Semiconductor stocks have delivered extraordinary returns this year, prompting widespread comparisons to the final stages of the dot-com bubble. The surge in AI-related investments has created conditions that many market observers liken to 1999, when technology buildouts reached fever pitch before the spectacular crash that followed.
One veteran investor who lived through the dot-com era offers a different perspective.
Rather than viewing current market conditions as a repeat of 1999’s speculative excess, this survivor of the technology crash argues the AI infrastructure buildout more closely resembles 1997 – two years before the bubble burst. The distinction matters because it suggests the current rally may have more room to run, though the investor still advocates for maintaining substantial cash positions.

Early Stage Infrastructure Development
The comparison to 1997 rather than 1999 centers on the nature of current AI investments. Unlike the final stages of the dot-com boom, when money flowed into questionable business models and companies with no clear path to profitability, today’s AI spending focuses on fundamental infrastructure. Chip manufacturers, data center operators, and cloud service providers are building the backbone that will support artificial intelligence applications for years to come.
During 1997, internet infrastructure companies were laying fiber optic cables, building data centers, and developing the foundational technologies that would enable the digital economy. The speculation and irrational exuberance that characterized 1999 had not yet taken hold. Companies were still focused on building real capabilities rather than chasing inflated valuations based on unrealistic growth projections.
This infrastructure-first approach mirrors what’s happening in the AI sector today. Major technology companies are investing billions in semiconductor capacity, specialized AI chips, and the computing power necessary to train and deploy large language models. These investments represent tangible assets and capabilities, not merely speculative bets on future potential.
Cash Positioning Despite Optimism
The veteran investor’s recommendation to maintain higher cash levels might seem contradictory given the relatively early-stage assessment of the AI buildout. However, this approach reflects lessons learned from the dot-com crash and recognition that even promising technology cycles can experience significant volatility.

Cash provides flexibility to capitalize on opportunities that emerge during market turbulence. Even if the AI revolution continues for several more years, periodic corrections are likely as investors reassess valuations and company fundamentals. Those with substantial cash positions can take advantage of temporary dislocations to acquire shares of quality companies at more attractive prices.
The strategy also acknowledges uncertainty about timing and execution within the AI sector. While the overall trend toward artificial intelligence appears irreversible, individual companies may struggle to monetize their investments or face competitive pressures that weren’t initially apparent. Cash reserves allow investors to be selective and patient rather than forced to sell positions during unfavorable market conditions.

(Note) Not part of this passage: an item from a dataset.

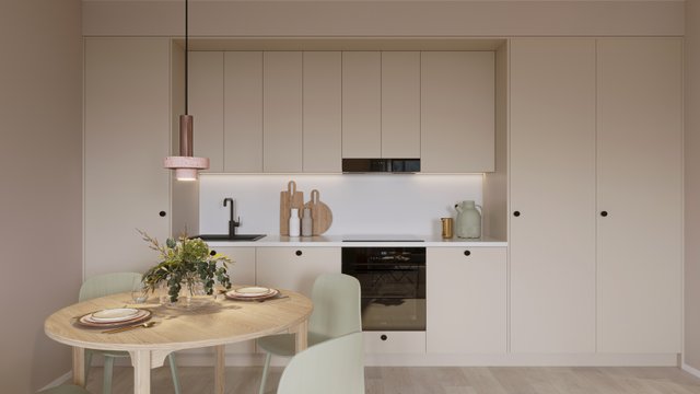 - Keittiö toteutetaan asukas valintana. Lattia: Parketti, jalkalistat käsiteltyä puuta Seinät: Maalattu Kalusteet: Tehdasvalmisteisia kiintokalusteita. Pöytätaso laminaattia tai kivikomposiittia. Pöytätasoon upotettu komposiitti allas ja induktioliesitaso. Kodinkoneet: Kodinkoneet ovat sisustusteeman mukaan: Erillisuuni, astianpesukone ja mikro integroituna. Jää/Pakastinkaappi tai jääkaappi ja pakastinkaappi integroituna. Liesikupu suunnitelmien mukaan.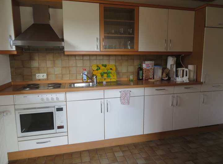 1 Flur, 1 Einbauküche offen zum Wohnzimmer, 1 Schlafzimmer, 1 Bad mit Wanne, Dusche, Waschbecken und WC.

Market Dynamics and Valuation Concerns
Current semiconductor valuations reflect enormous optimism about AI adoption across industries. Companies like Nvidia have seen their market capitalizations increase by hundreds of billions of dollars based on expectations for sustained growth in AI chip demand. These valuations price in significant execution success and continued expansion of AI applications.

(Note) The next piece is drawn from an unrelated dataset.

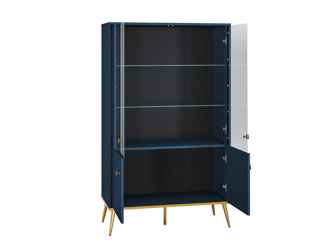 Das MARINE Wohnzimmer-Set besteht aus sechs perfekt aufeinander abgestimmten Elementen, die Ihrem Wohnzimmer ein modernes und stilvolles Ambiente verleihen. Das Set umfasst: eine große Vitrine, eine mittlere Vitrine, eine geräumige Kommode, ein TV-Lowboard, einen Couchtisch und ein Wandregal. Dieses Set bietet nicht nur elegantes Design, sondern auch großzügigen Stauraum für Ihre Alltagsgegenstände und Dekoration. Die harmonische Kombination der Möbelstücke sorgt für ein einheitliches und attraktives Gesamtbild im Wohnzimmer.

The 1997 comparison suggests these valuations may be justified if the buildout continues for several more years. However, even legitimate technology revolutions can experience periods of overvaluation followed by sharp corrections. The dot-com crash demonstrated that good companies with real businesses could still see their stock prices decline by 80% or more when market sentiment shifted.

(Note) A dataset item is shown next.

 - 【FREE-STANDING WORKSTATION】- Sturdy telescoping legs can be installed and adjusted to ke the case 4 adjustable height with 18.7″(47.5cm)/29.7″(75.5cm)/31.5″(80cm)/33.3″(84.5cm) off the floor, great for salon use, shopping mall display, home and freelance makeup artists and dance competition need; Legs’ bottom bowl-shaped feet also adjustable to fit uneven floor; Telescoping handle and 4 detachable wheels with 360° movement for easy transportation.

Earnings growth will ultimately determine whether current valuations prove sustainable. AI chip companies must demonstrate their ability to translate increased demand into sustained profitability. Cloud service providers need to show that AI workloads generate meaningful revenue growth. The infrastructure being built today must eventually support profitable applications that justify the enormous capital investments.
The cash recommendation also reflects broader economic uncertainties beyond the technology sector. Interest rates, inflation, geopolitical tensions, and other macroeconomic factors could create headwinds for high-growth technology stocks regardless of their fundamental prospects. Maintaining liquidity provides protection against scenarios where external forces disrupt even well-positioned companies.
Whether the AI buildout continues for two more years or faces an earlier reckoning may depend on how quickly real-world applications begin generating returns on the massive infrastructure investments being made today.